Solved – Calculating p-value for a two-way ANOVA

anovap-value

I would like to compute the p-value of my two-way ANOVA. The score that I am using to detect significant samples is the eta score which is computed as SS(between)/SS(total).

In many sites I saw that F=Var(between)/Var(within).
I want to know if I can consider the eta score as the F-statistic value, and then compute the p-value?

What if I want to compute the p-value for other scores such as eta-partial, or omega?
Is it meaningful if I calculate the p-value for them? Or is it only meaningful for the ratio Var(between)/Var(within)? What difference does it make if I use SS(between)/SS(within) instead of Var?

The formula that I am using to calculate p-value is:

pvalue=-log10(betai(0.5 * df2, 0.5* df1, df2 / (df2 + df1 * eta)));  

based on the book Numerical Recipes in C, where df1 and df2 are degrees of freedom.

Thanks for your help.

Best Answer

The eta-square ($\eta^2$) value you are describing is intended to be used as a measure of effect size in the observed data (i.e., your sample), as it amounts to quantify how much of the total variance can be explained by the factor considered in the analysis (that is what you wrote in fact, BSS/TSS). With more than one factor, you can also compute partial $\eta^2$ that reflect the percentage of variance explained by one factor when holding constant the remaining ones.

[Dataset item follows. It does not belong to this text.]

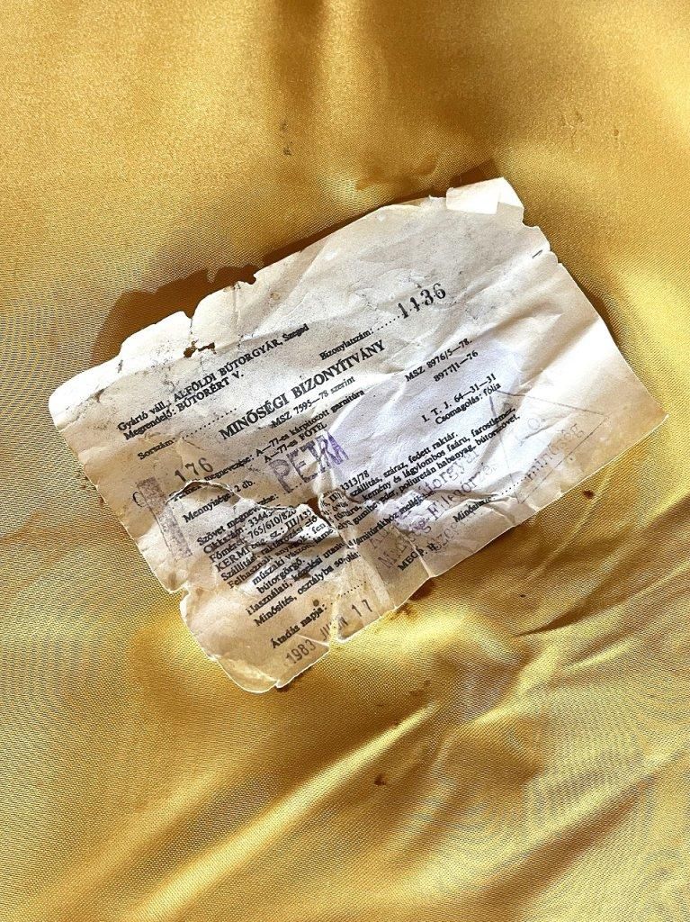 裏面のラベルにはハンガリー語で製品番号や素材についてなどが記載されています。
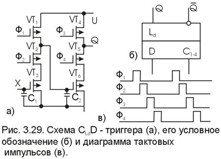 сдвинутых во времени импульсов. Затвор транзистора VT3 первого инвертора является информационным входом (входом D) триггера, а выход второго инвертора

The F-ratio (BSS/WSS) is the right test statistic to use if you want to test the null hypothesis ($H_0$) that there is no effect of your factor (all group means are equal), that is your factor of interest doesn't account for a sufficient amount of variance compared to the residual (unexplained) variance. In other words, we test whether the added explained variance (BSS=TSS-RSS) is large enough to be considered as a "significant quantity". The distribution of the ratio of these two sum of squares (scaled by their corresponding degrees of freedom--this answers one of your question, about why we don't use directly SSs), which individually follow a $\chi^2$ distribution, is known as the Fisher-Snedecor distribution.

I don't know which software you are using, but

  • If you have R, everything you need for basic modeling is given in the aov() base function ($\eta^2$ might be computed with etasq from the heplots package; and there's a lot more to see for diagnostics and plotting in other packages).
  • If you're more versed into C programming, you may have a look at the apophenia library which features a nice set of statistical functions with bindings for MySQL and Python.